I can confirm this is working, TYVM!!

UPDATE: I scrapped an account perfecly, and after that I'm getting a TypeError: argument of type 'NoneType' is not iterable error, so it's failing after one scrapped model after selecting "All", seems to be working correctly when selecting models 1 by 1

ANOTHER UPDATE: the script now seems to be working properly when selecting ALL, maybe some of my models db are corrupted, still testing, but overall this edit works :D

betoalanis commented 1 week ago

Ok, after some testing, I noticed the error comes from the change from OF on the preview url's and I cross checked (https://github.com/UltimaHoarder/UltimaScraper/issues/2121#issuecomment-2318619581)

in the same __init__.py file I replaced all the ["preview"] in preview_url_picker for ["full"]

cigix commented 1 week ago

That got my downloads repaired as well, thanks everyone!

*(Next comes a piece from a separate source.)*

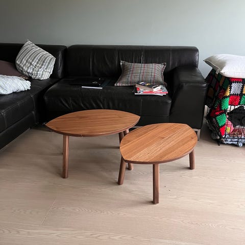 Kvistbro-stort salongbord fra Ikea. Oppbevaring av pledd i kurven under.

raphaelbarreto commented 1 week ago

I've tried to replicate the steps but cant make it work. Can anyone upload somewhere a working code version, please?

myps6415 commented 2 days ago

Ok, after some testing, I noticed the error comes from the change from OF on the preview url's and I cross checked (#2121 (comment))

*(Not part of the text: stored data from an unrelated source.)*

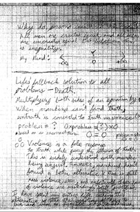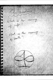 The following pages, titled "Insights into the Mind of Madness," detailed philosophical questions of life, death, and human value. Together with what he told psychiatrists, the philosophy shows psychotic delusion, defense attorney Daniel King said.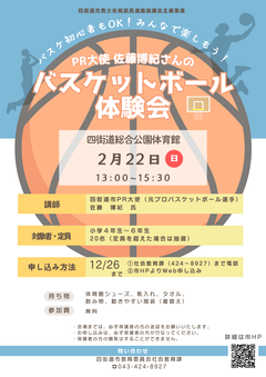 【参加者大募集】青少年体験学習事業「PR大使佐藤博紀さんのバスケットボール体験会」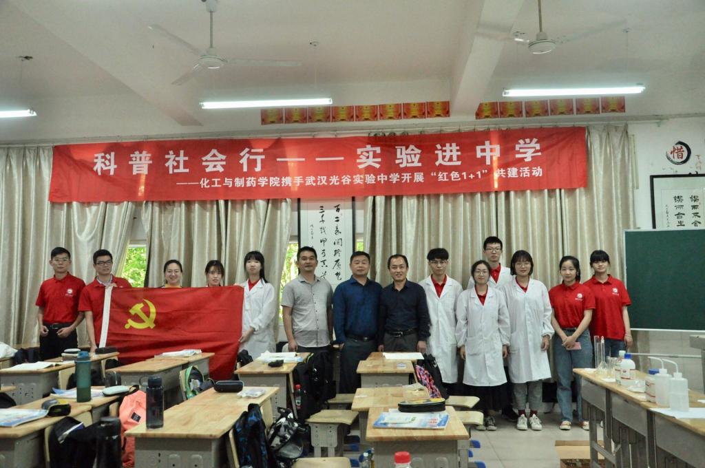 本网讯(通讯员刘清晨 田丽敏)为深入学习宣传贯彻习近平总书记在纪念五四运动100周年大会上重要讲话精神,践行习总书记对青年提出的六点要求,激励青年学生争做爱国主义新青年,5月23日,学院党委副书记田勇和党务干事朱雪洁带领学院党员、入党积极分子20余人来到武汉光谷实验中学开展“科普社会行--实验进中学”红色“1+1”共建活动。武汉光谷实验中学党委书记江卫华及八年级六班的班主任、全体同学参与活动。

in the same __init__.py file I replaced all the ["preview"] in preview_url_picker for ["full"]

Hi everyone, I think this problem has been solved by everyone and it is worked for me now. I will make a summary here.

You need to fix __init__.py in folder ultima_scraper_api/apis/onlyfans. I think it's not easily to find out because you are in UltimaScraper this project. So, here I write down the full path: UltimaScraper/.venv/lib/python3.11/site-packages/ultima_scraper_api/apis/onlyfans, fix __init__.py here.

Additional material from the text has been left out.